UN Watch is active at the UN in combating what it considers anti-Israel and anti-Semitic attitudes, and what it dubs the selective and politicized treatment of Israel by many UN bodies. The group supported former Secretary General Kofi Annan's declared goal of ending the UN's imbalanced treatment of Israel and has been highly critical of the United Nations Human Rights Council. The Jewish Telegraphic Agency has described U.N. Watch as a pro-Israel organization.

=====March 2007 UNHRC speech=====
On 23 March 2007, UN Watch's Hillel Neuer delivered a harshly critical speech to the United Nations Human Rights Council (UNHRC), stating that the Council had betrayed the dreams of its founders and become "a nightmare". Neuer charged that the Council ignores human rights abuses worldwide, opting instead to enact "one resolution after another condemning one single state: Israel". He further argued that the Council's stated concern for Palestinian human rights is deceptive, and provided examples where he said it ignored atrocities against Palestinians "because Israel could not be blamed. … The despots who run this Council couldn't care less about Palestinians, or about any human rights. They seek to demonize Israeli democracy, to delegitimize the Jewish state, to scapegoat the Jewish people."

===Other===

====Sexual exploitation====
UN Watch, the World YWCA, and the World Alliance of YMCAs published a statement against sexual exploitation and child pornography. "Today far too many children are sexually exploited and abused causing lifelong damage. More than two million children are exploited in the multibillion-dollar sex industry each year and 1.2 million children are trafficked annually", the statement said.

==Reception==
Former UN Secretary General Kofi Annan has said "I deeply appreciate the valuable work performed by UN Watch. I believe that informed and independent evaluation of the United Nations' activities will prove a vital source as we seek to adapt the Organization to the needs of a changing world."

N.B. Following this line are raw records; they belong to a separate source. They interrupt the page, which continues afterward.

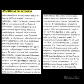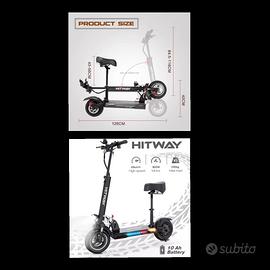 Monopattino Hitway H5 45 km/h velocità max, percorrenza 40km, ha percorso solo 359km come da foto , dispongo di imballi originali. DESCRIZIONE APPROFONDITA IN FOTO . Una vera bestiolina di velocità e potenza , dispone di freno a disco anteriore , a tamburo posteriore , indicatori di direzione sonori, clacson , luce , stop luce in diffusione ecc. Ottime condizioni . La sella è smontabile ed è tutto totalmente pieghevole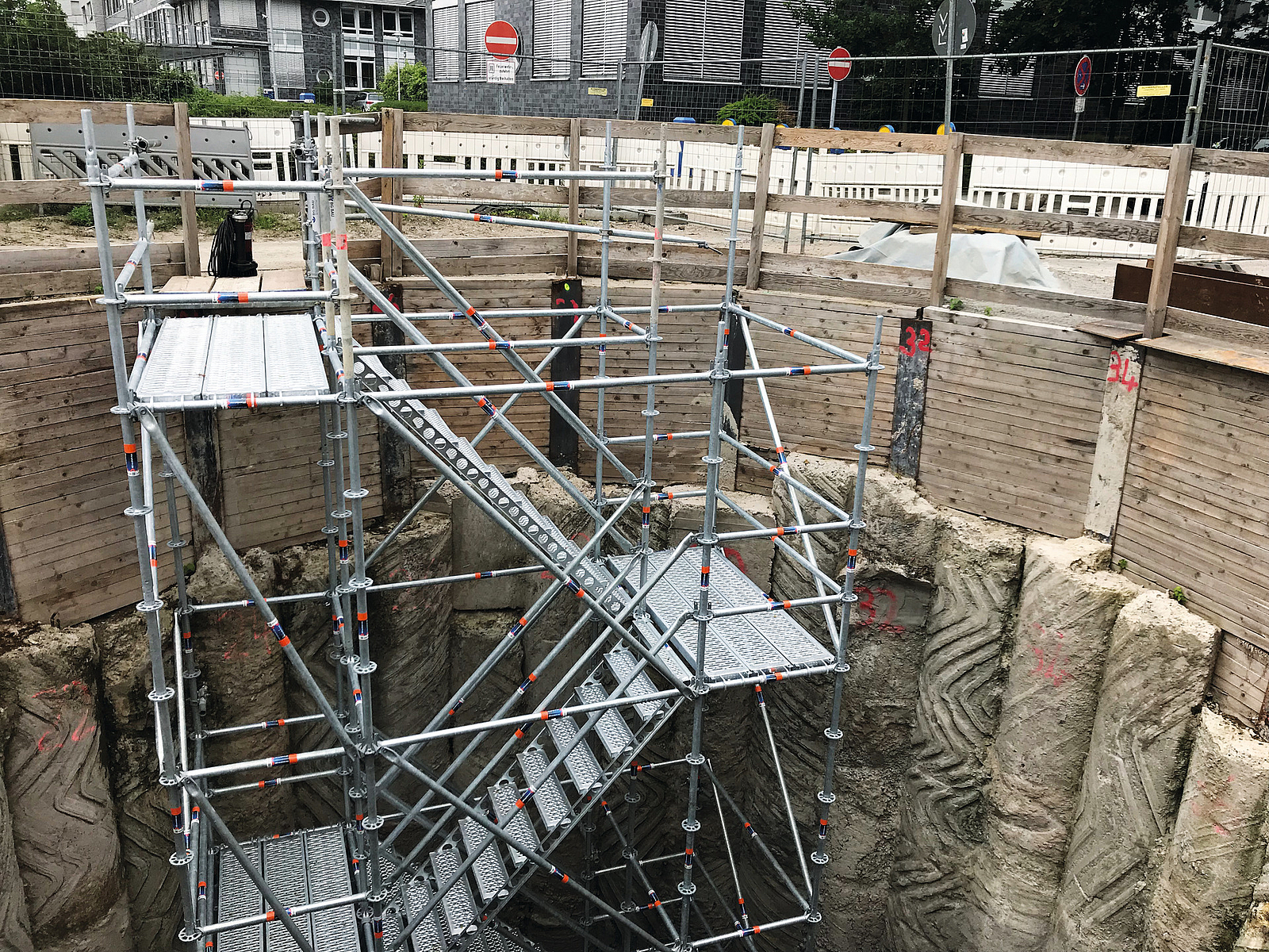 Arbeitsplätze in Baugruben und Schächten müssen über möglichst sichere Verkehrswege erreichbar sein. Als Zugang sind daher vorrangig Treppen bzw. Treppentürme sowie Baustellenaufzüge vorzusehen. Leiteraufstiege dürfen nur in Ausnahmefällen zum Einsatz kommen.
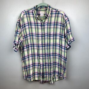 Brooks Brothers Shirt Mens Large Plaid Linen 346 Short Sleeve Button Up Summer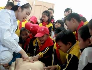 28日,市中心医院同济咸宁医院的医务人员来到咸安区浮山实验中小学,给该校师生上了一堂生动的心肺复苏及现场急救课,受到欢迎。 (陈伟琴)

Ian Williams, former president of the United Nations Correspondents Association and author of The UN For Beginners, wrote in an opinion piece in The Guardian in 2007 that the main objective of UN Watch "is to attack the United Nations in general, and its human rights council in particular, for alleged bias against Israel". Williams supported UN Watch's condemnation of the UN Human Rights Council as a hypocritical organization, but also accused UN Watch itself of hypocrisy for failing to denounce what he called "manifest Israeli transgressions against the human rights of Palestinians."

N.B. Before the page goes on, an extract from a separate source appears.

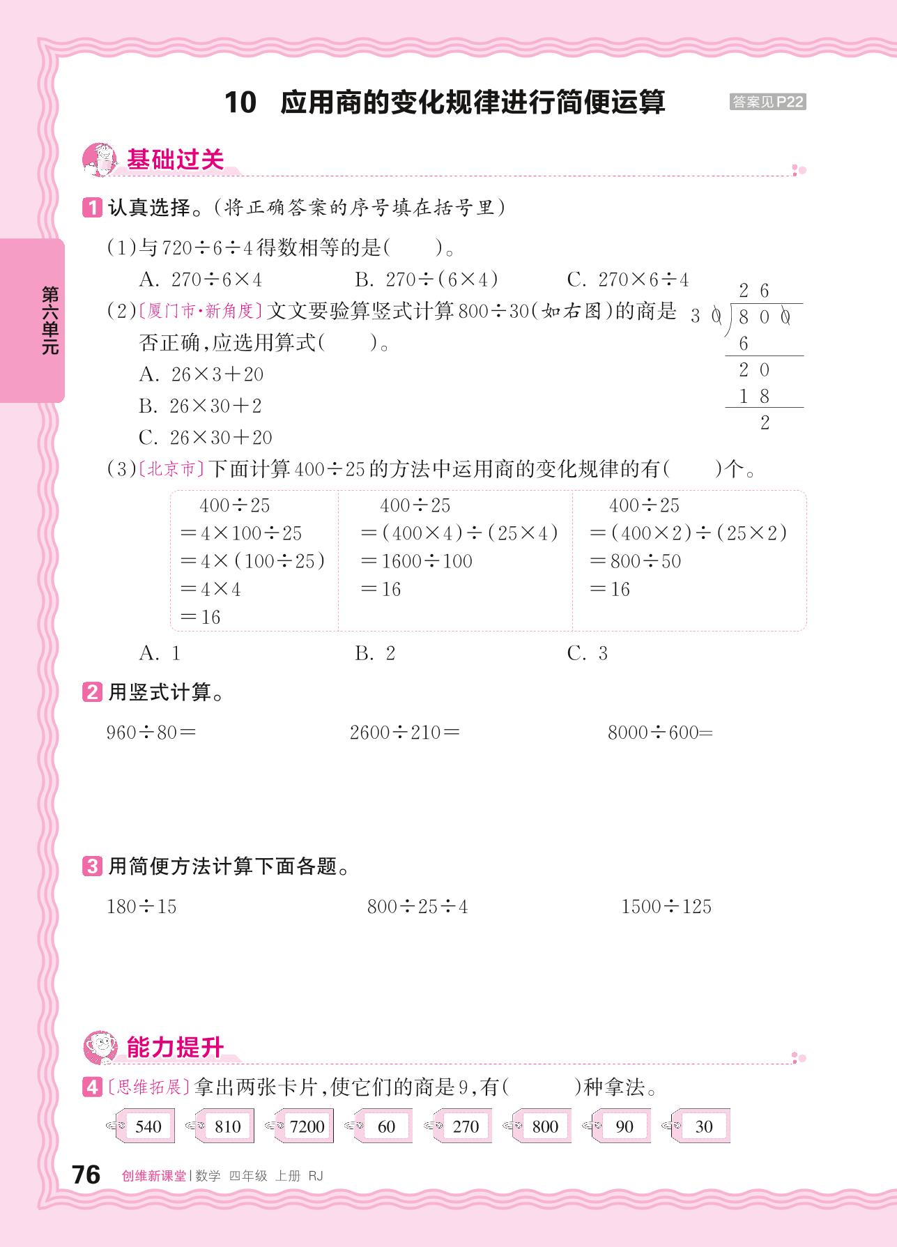 2024秋上册四年级数学人教版 第六单元 除数是两位数的除法——10. 应用商的变化规律进行简便运算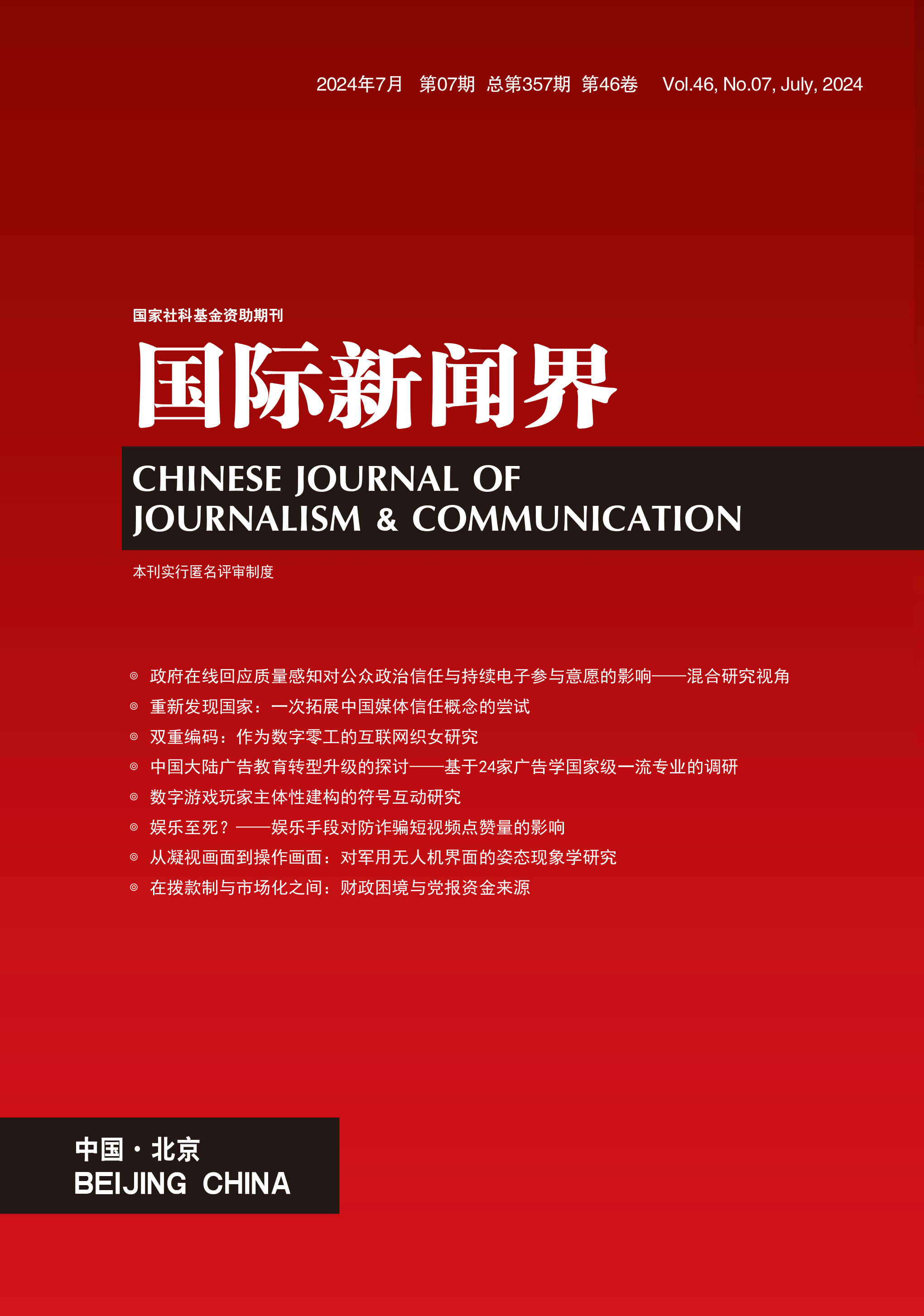 当前,娱乐化的表达方式正逐渐占据公共领域,通过娱乐手段提升传播效果似乎已成为共识,但娱乐是否一定能促进传播效果尚需进一步的研究。本研究以防诈骗短视频作为研究语境,以详尽可能性模型和一致性理论作为理论基础,通过对抖音上467个防诈骗短视频的内容分析,探究议题和媒介属性如何调节娱乐化对点赞量这一传播效果指标的影响。结果显示,防范教育和揭秘骗术信息抑制了娱乐化对点赞量的促进作用,但案件描述和财产损失信息强化了娱乐化对点赞量的提升效果。自媒体使用娱乐手段能显著提升点赞量,且这一效果不受任何类型信息的影响,但官媒的点赞量不受娱乐化影响。本研究不仅为使用娱乐手段进行公共传播提供了策略,还解释了娱乐化对传播效果的影响边界,对泛娱乐化背景下受众和媒体间的关系提出了新的解释。

Claudia Rosett, a journalist-in-residence with the conservative Foundation for Defense of Democracies, praised UN Watch as "stalwart and invaluable".

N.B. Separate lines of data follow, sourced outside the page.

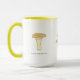 A Mug with a Botanical Chanterelle Mushroom (Cantharellus cibarius) in pastel tones and a customisable text. It could be used as a gift for a birthday to persons who love nature, a mycologist or a fungi fan!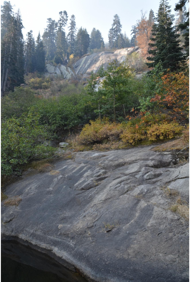 The other cabins were built side by side on a level area which may have been the glacial moraine formed during the time when glaciers scooped out the depressions which later filled with melting snow becoming the two lakes and the pond. When I think back to how this beautiful amphitheater, its cliffs, waterfalls, and peaks were formed, I wonder what the future holds. In a drier and hotter climate will the lakes become meadows or disappear altogether? And will the landscape, succumbing to fires, lose its conifers and become brush land or oak savannah? Will we have to ascend to 10,000 feet to find the Sierra we once loved?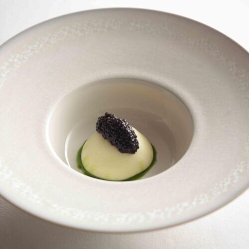 The passion Japanese chefs show for French gastronomy is once again demonstrated by this surprising restaurant whose bare white walls evoke the unwritten pages of a book. Ryuji Teshima, alias Teshi, learned his craft in top establishments before deciding to pursue his personal and contemporary version of Gallic fare, based on fine produce : shellfish and fish from Normandy and Brittany, poultry from the Perche – there is even a small fridge for maturing beef, including wagyu. The “surprise” menu features a mix of colour and flavours which work like a dream in the mouth, with precision cooking and the occasional use of a small binchotan barbecue to add a distinctive charred note. The open kitchen is always an intriguing and entertaining sight for diners…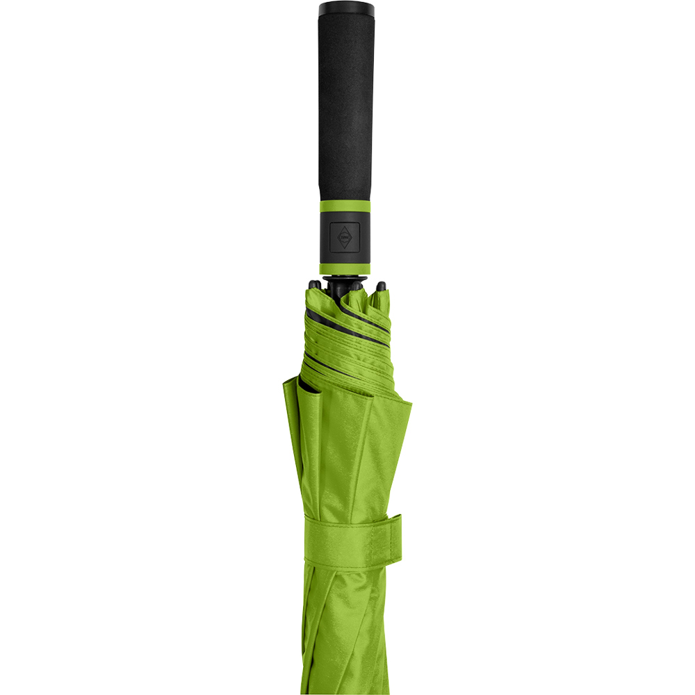 Exclusive automatic golf umbrella for two people with drop motif on the fibreglass shaft Convenient automatic function for quick opening, high-quality Windproof PLUS system for maximum frame flexibility in stormy conditions, flexible fibreglass ribs, stable fibreglass shaft with drop motif, polyester Pongee waterSAVE® cover material made of recycled plastics and dyed using a water-saving process, with waterSAVE® label on the closing strap (with new deliveries), cover coated on the inside, overlapping ventilation cover to regulate pressure in stronger gusts, exclusive soft handle with coloured handle rings, integrated pushbutton and promotional labelling option, drop motif and handle rings colour-coordinated with the cover.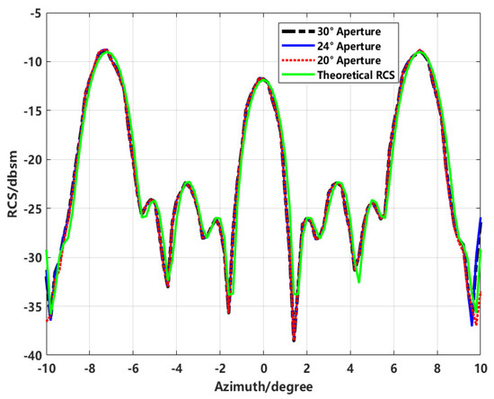 To investigate the angular aperture limit for accurate RCS inversion based on imaging results, we applied the model shown in Figure 17. Using a 0° angle as the aperture center, we performed RCS inversion within ±10° azimuth angles based on simulation data covering ranges of 30°, 24°, and 20°. The comparison results are illustrated in Figure 23.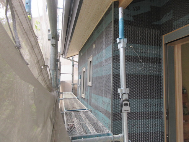 外壁通気胴縁に木摺(ラス下地)が施されました。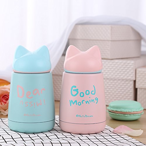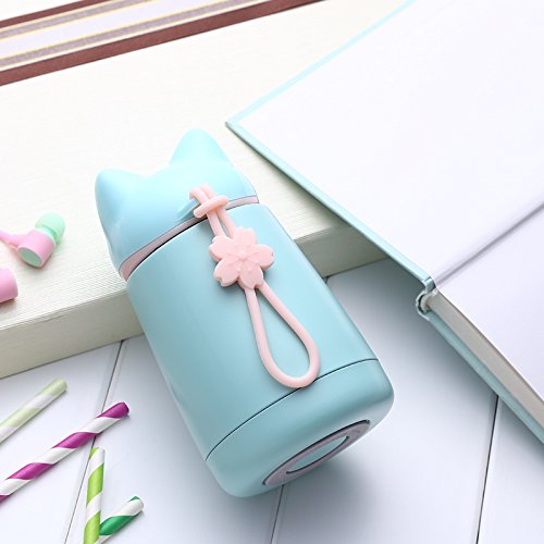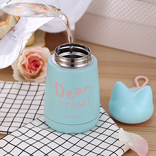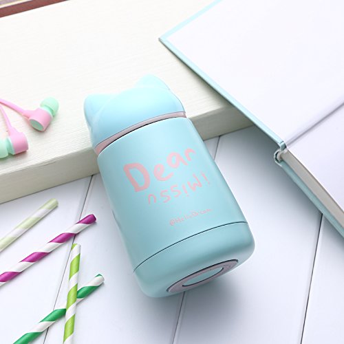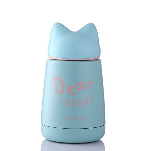 'Hello Dream'' Cute Cartoon Fox, 300ML/10.5oz Insulated Tumbler Cup, Child Kids Adult Hot/Cold Drinking Water Bottle, Thermos Travel Coffee Mug Stainless Steel Vacuum Flask (Cyan)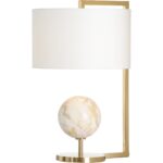 Calabria lamp features a ball of natural calacatta gold marble supported on a metal base with a warm coffee bronze finish and topped wiht an off white linen drum shade. This combination of mixed materials creates an ideal accent lamp that will function as a primary decorative piece, illuminating any elegant modern space.

The American journalist and political activist Phyllis Bennis described UN Watch as a "small Geneva-based right-wing organisation" that is "hardly known outside of UN headquarters". She stressed that "undermining and delegitimising" Richard Falk through "scurrilous accusations" has been an "obsession of UN Watch" when he became Special Rapporteur.

Agence France-Presse described UN Watch in 2009 as "a lobby group with strong ties to Israel". The Economist has described UN Watch as a "pro-Israeli monitor".